Chancellor Jeremy Hunt announced a new ‘British ISA’ in last week’s Spring Budget.
He’s proposing to give investors an additional £5,000 allowance on top of the current £20,000 ISA allowance to invest specifically in the UK market.
I’ll make a few observations on the proposal. And then look at some of the opportunities the market’s offering investors right now.
Patriotic gimmickry
The Chancellor presented the new ISA as part of a package of measures to support British businesses.
In reality, though, unless we’re buying new shares issued by a company in a fundraising (such as a rights issue or placing) our money isn’t flowing into the business. We’re not providing it with any capital to help it grow – by, say, developing new products or expanding into new countries.
For the most part, our £5,000 will go into the pockets of fellow investors who happen to be selling their shares.
As such, the British ISA smacks to me of patriotic gimmickry in an election year. It would have been a lot easier for everyone if the Chancellor had simply increased the existing £20,000 ISA allowance to £25,000.
Waiting game
Another thing to note is that this new ISA hasn’t actually been launched yet. And won’t be any time soon.
There’s a consultation period until 6 June. The government will then need to review the responses and formulate the rules governing which investments will be eligible. And after that, providers will need time to build the new product.
It’s unlikely to be launched before April next year – if it’s launched at all. Ultimately, the Conservatives may not commit to the idea. Or Labour – if they get into power – may ditch it.
Eligibility
At the moment, what would constitute an eligible investment for the British ISA is also an open question.
It looks like all London-listed stocks could be eligible. This would include not only individual operating businesses, but also UK-listed investment companies, such as the venerable City of London Investment Trust.
This trust has served UK investors well for many decades. It has an unrivalled record of having increased its dividend for 57 consecutive years.
Still, there’s some uncertainty about whether it (and others like it) will be eligible. There’s less doubt about the individual stocks in its portfolio.
Footsie companies
To look at what the UK market has to offer in the way of big FTSE 100 names, City of London’s roll of top 10 holdings isn’t a bad place to start.
The table below lists them. And I’ve added columns illustrating the industries they operate in, their current share prices, and my calculations of their valuations on a couple of measures: price-to-earnings (P/E) and dividend yield.
Myriad options
A couple of things in the table strike me immediately.
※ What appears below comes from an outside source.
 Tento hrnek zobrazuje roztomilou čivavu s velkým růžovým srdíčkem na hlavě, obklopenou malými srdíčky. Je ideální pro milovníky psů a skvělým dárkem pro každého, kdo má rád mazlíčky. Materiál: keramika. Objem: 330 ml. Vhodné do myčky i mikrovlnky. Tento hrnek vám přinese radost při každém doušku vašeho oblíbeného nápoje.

First, aside from the two companies in the same sector (Shell and BP), the holdings represent a diverse range of industries. And second, there’s a wide variation in their valuations.
At one end we’ve got Relx with a P/E of almost 30 and a yield of just 1.7%. At the other, British American Tobacco with a mid-single-digit P/E and yield of over 10%.
At the end of the day
Value investors and high income seekers will naturally be drawn to stocks with low P/Es and big yields. Conversely, growth investors are always likely to gravitate towards stocks with high P/Es and little or no yield.
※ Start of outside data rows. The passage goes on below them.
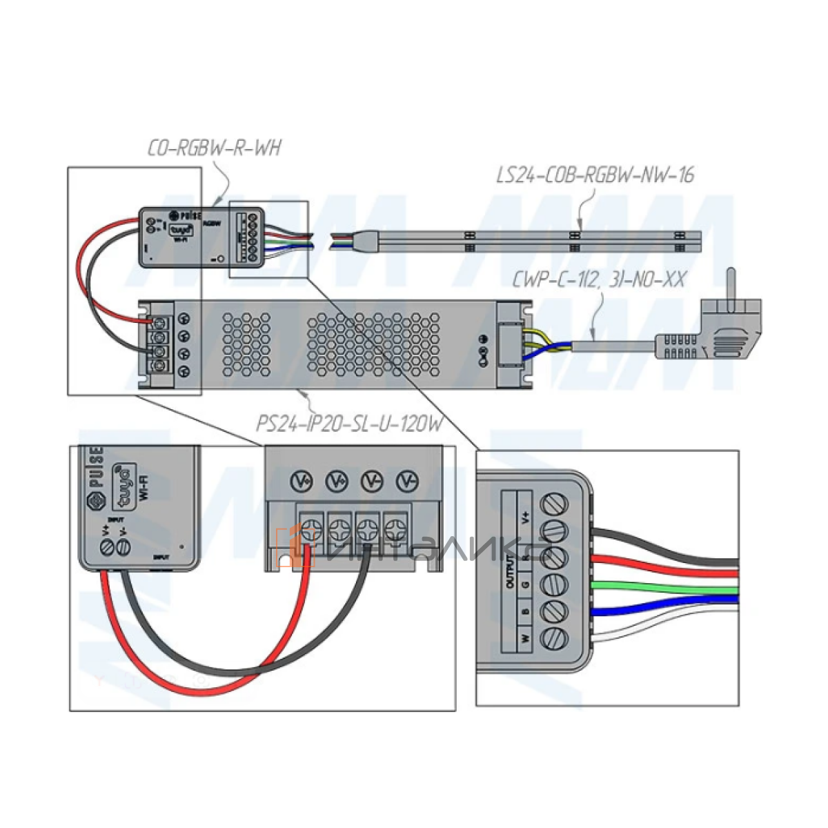 Поддерживаемый тип ленты: RGBW (цветная + белый)
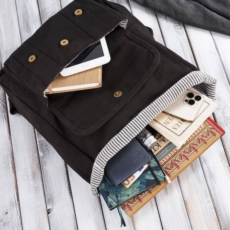 Duży plecak męski wykonano z połączenia z 100% skóry wegańskiej i bawełnianego canvasu o podwyższonej odporności na przetarcia. Produkt posiada mocne szycia oraz designerską podszewkę w paski. Model E–05 jest zabezpieczony paskami na magnetyczne napy. Do dyspozycji klienta jest frontowa kieszonka na napy magnetyczne i pakowna komora główna z dodatkową kieszenią na suwak. Torba została wyposażona w przegrodę na laptopa (15.6”) wzmocnioną pianką dystansową, która zapewnia bezpieczeństwo podczas transportu sprzętów.
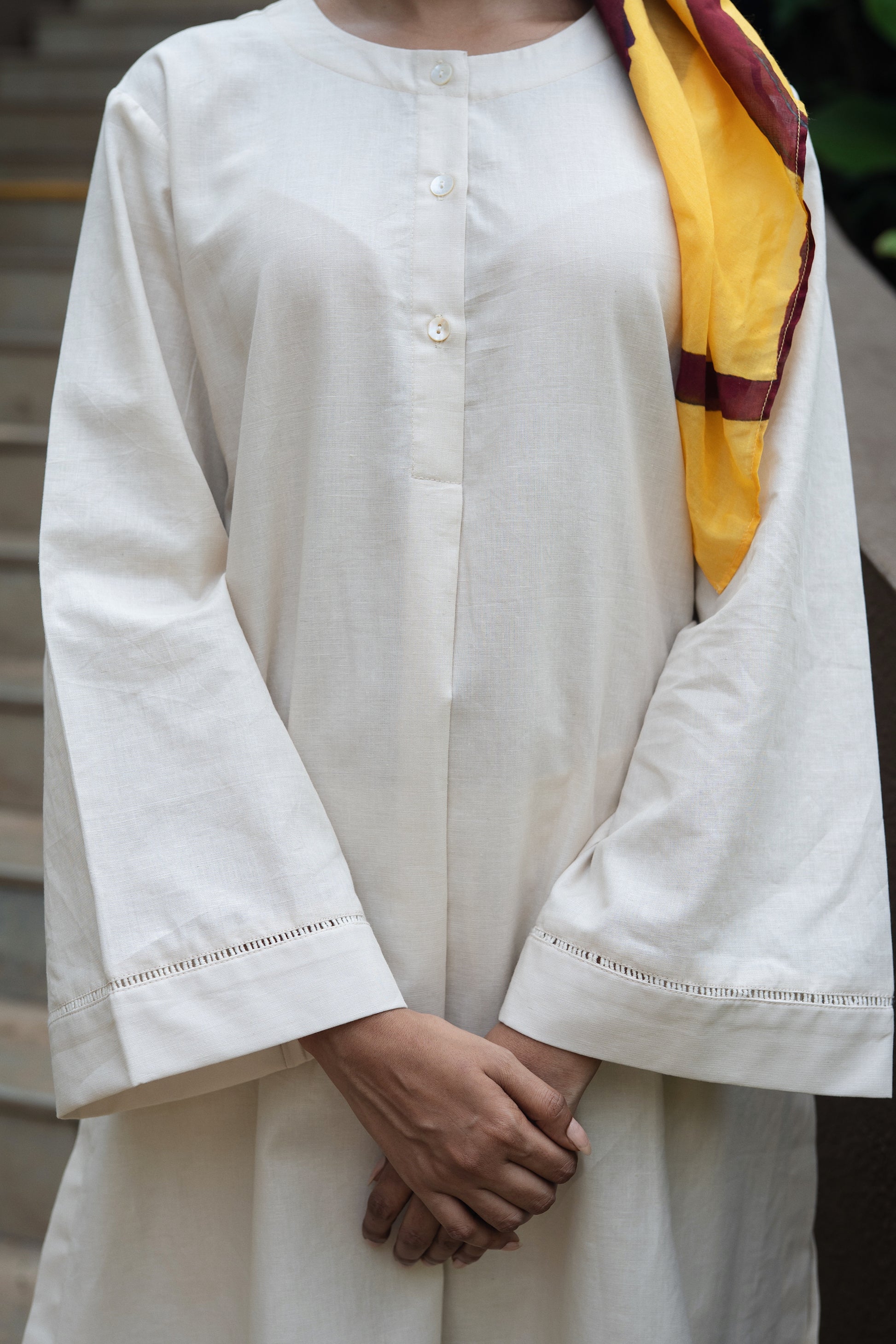 The Iris kurta set is made from our yarn dyed linen cotton fabrication . The tunic Is anti fit pheran style kurta with pakiza inspired pants.
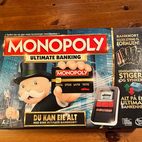Pent brukt, komplett med unntak av at det mangler to spillebrikker. Mangler også spillereglene, men man starter med 15 millioner (står på esken). Har nettopp skiftet batteri i bankterminalen ( to AAA-batterier).
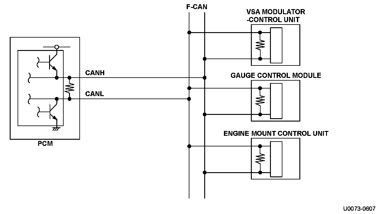 The controller area network (CAN) transmits/receives pulsing signals to/from the control modules simultaneously by using two signal lines (CANH and CANL). When the powertrain control module (PCM) does not receive the signals via the CAN lines for a set time, the PCM detects a malfunction and a DTC is stored.

Both approaches are capable of delivering healthy returns on investment. And of course, both are capable of disappointing.
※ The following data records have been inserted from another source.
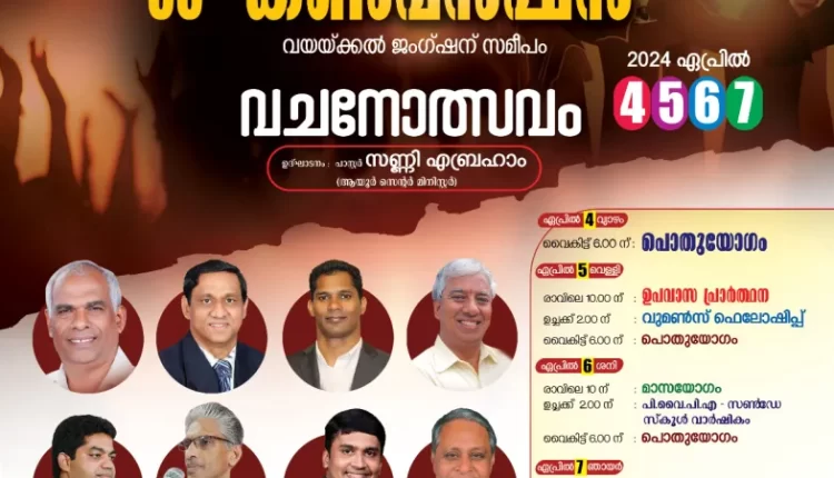 ആയൂർ : ഐപിസി ആയൂർ സെന്റർ 33 – മത് കൺവൻഷൻ വയയ്ക്കൽ ജംക്ഷനിൽ ഏപ്രിൽ 4-7 വരെ നടക്കും. ഐപിസി ആയൂർ സെന്റർ ശുശ്രുഷകൻ പാ. സണ്ണി എബ്രഹാം ഉത്‌ഘാടനം ചെയ്യുന്ന കൺവൻഷനിൽ പാസ്റ്റർമാരായ ബി. മോനച്ചൻ, കെ. ജെ. തോമസ്, ഡോ. അലക്സ് ജോൺ, ജോൺസൺ ദാനിയേൽ, മാത്യു കെ. വർഗീസ്, ഫെയ്ത്ത് ബ്ലെസ്സൺ, തോമസ് ഫിലിപ്പ് എന്നിവർ വചനശുശ്രുഷ നിർവഹിക്കും. താബോർ വോയ്‌സ്, ഉമ്മന്നൂർ ഗാനശുശ്രുഷയ്ക്ക് നേതൃത്വം നൽകും.
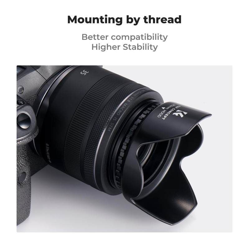 • Note: Not suitable for wide-angle shooting, focal length must not be less than 25mm. The hoods cannot be mounted in reverse. We do not recommend mounting with a filter and lens cap.
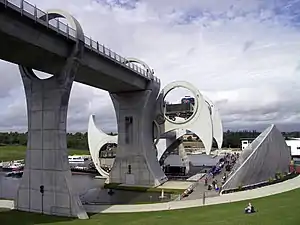 La rueda de Falkirk, llamada así por el cercano pueblo de Falkirk en Escocia central, es un ascensor de barcos giratorio que conecta el canal Forth y Clyde con el canal Unión. Anteriormente los dos canales estaban unidos por once esclusas, pero en la década de 1930 se rellenaron con tierra.
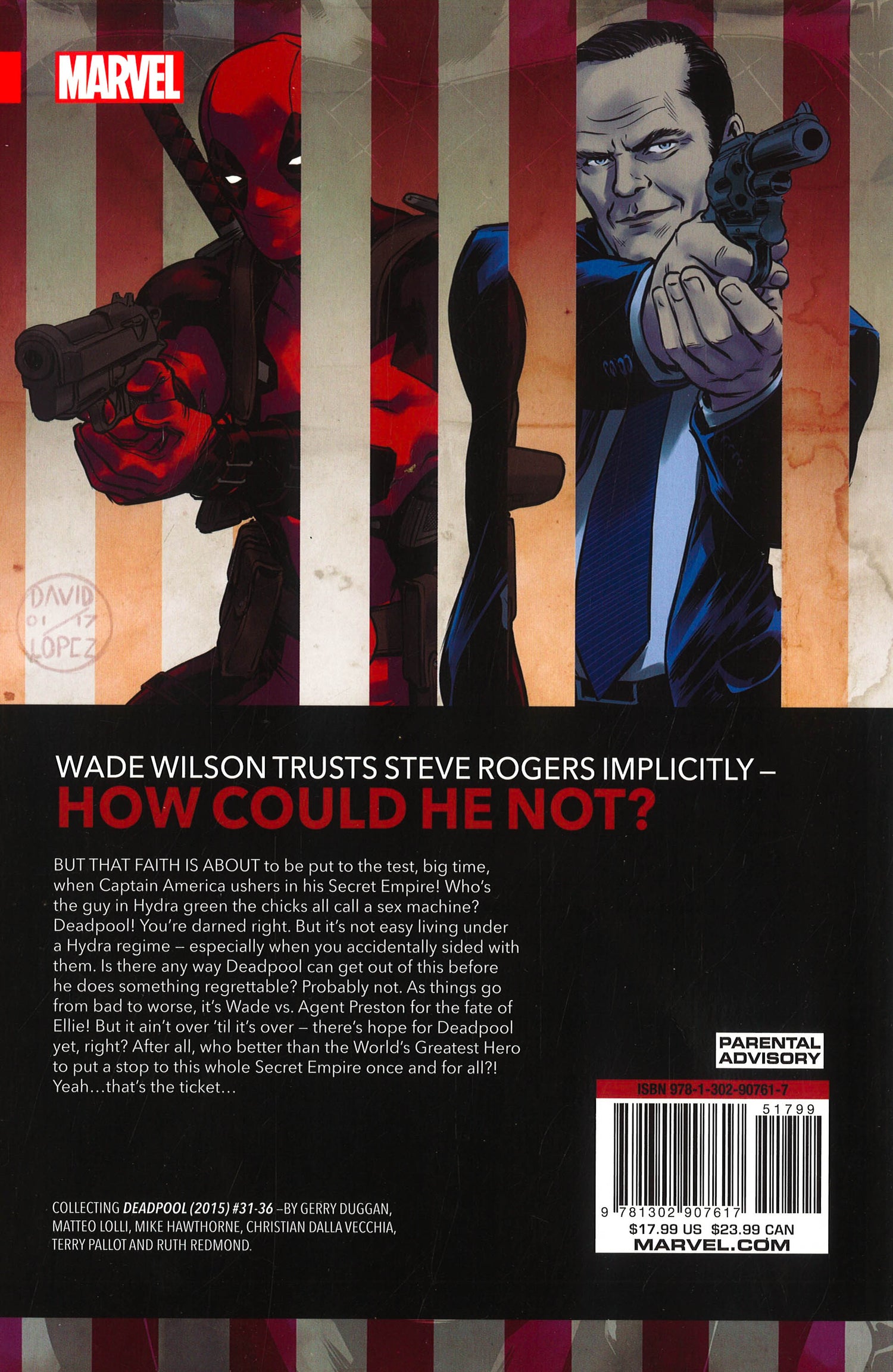 Deadpool takes on the event storyline of 2017: Secret Empire! But which side will he choose - and how will he face down the fallout? Wade Wilson trusts Steve Rogers implicitly - how could he not? But that trust is about to be put to the test, big-time! Deadpool has spent his super hero career cracking jokes, but this situation is serious - and big changes are coming for the Merc With A Mouth... COLLECTING: DEADPOOL 31-35

In this context, I’d stress that P/Es and dividend yields aren’t the be all and end all of successful investing. Also, that the companies I’ve mentioned are just 10 of literally hundreds listed on the London Stock Exchange.
The proposed new £5,000 British ISA may be a bit gimmicky, and if it does launch it’ll be more restrictive than the existing £20,000 ISA. But at the end of the day, any increase in the amount investors can shield from the taxman surely can’t be a bad thing!